In what area or state are you now an EMT and seeking employment?  
Resumes need to be neat, clean, and to the point.  For you, it may very well be a quick to the point.  Focus on what you have to offer and your goals.  Show/sell yourself as eager to learn and work.
Maybe these will help:
http://www.dayjob.com/content/student-resume-996.htm
http://www.businessinsider.com/resume-for-job-seeker-with-no-experience-2014-7
http://jobsearch.about.com/library/samples/blhsresume2.htm
Hopefully, since you don't have experience ... following a type of student/new grad format will be helpful.
Best of Luck!


----------



## BriaWright01 (Dec 3, 2014)

Jason said:


> Greetings,
> Congratulations on getting your EMT.
> In what area or state are you now an EMT and seeking employment?
> Resumes need to be neat, clean, and to the point.  For you, it may very well be a quick to the point.  Focus on what you have to offer and your goals.  Show/sell yourself as eager to learn and work.
> ...


Thank you Jason And I Am From Brooklyn, New York and seeking employment in my area for now


----------



## CALEMT (Dec 3, 2014)

Got to start somewhere, I would put any job experience you have EMS or not.
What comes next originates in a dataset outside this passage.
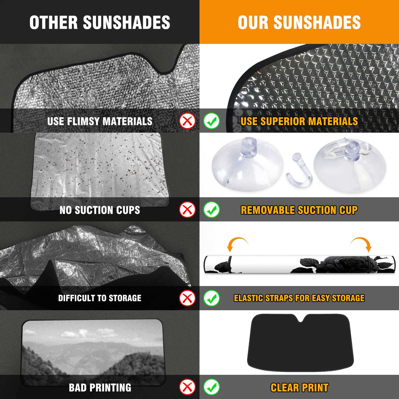 • </b>ZXIVGOQFR Foldable Premium Car Windshield Sunshade is your great solution to reduce your car’s interior temperature dramatically! This is definitely a must-have item for your summer travel! </b> <br> </b>Size: 63"L x 33.5"W </b> <br> </b>Blocking Uv Rays & Heat Insulation</b><br> Our vehicle sunshade provides effective UV, sun, and summer heat protection .Maintains dashboards by preventing fading and cracking <br> </b>Easy-To-Store Folding Design Makes Storage Convenient </b><br> ZXIVGOQFR car sunshades come with removable suction cups and elastic bands that you can install easily and quickly, and the removable suction cups will not leave any marks on your windows when removed. Within seconds, windshield visor can be installed and removed. When not in use,the front windshield can be easily and effectively placed on the door pocket or the dashboard, which is beautiful and does not take up space in the car.<br> <br> </b>PUT UP A 'PROTECTIVE UMBRELLA' FOR YOUR BELOVED CAR!</b>

If you don't have any well like I said you have to start somewhere.


----------



## NomadicMedic (Dec 3, 2014)

If you don't have any EMS experience, make sure you highlight any customer experience you may have. (That's most of what this job is...)


----------



## BriaWright01 (Dec 3, 2014)

thank you i made it im open to it being reviewed if anyone would love to do so


----------



## Ethan (Feb 12, 2015)

If you live in Brooklyn there a few volunteer services that will give you plenty hours of experience and it would be a great networking opportunity!  You do not have to do hundreds of hours. I started my EMT services with a very active suburb in NJ and made lifelong friends and of course references!


----------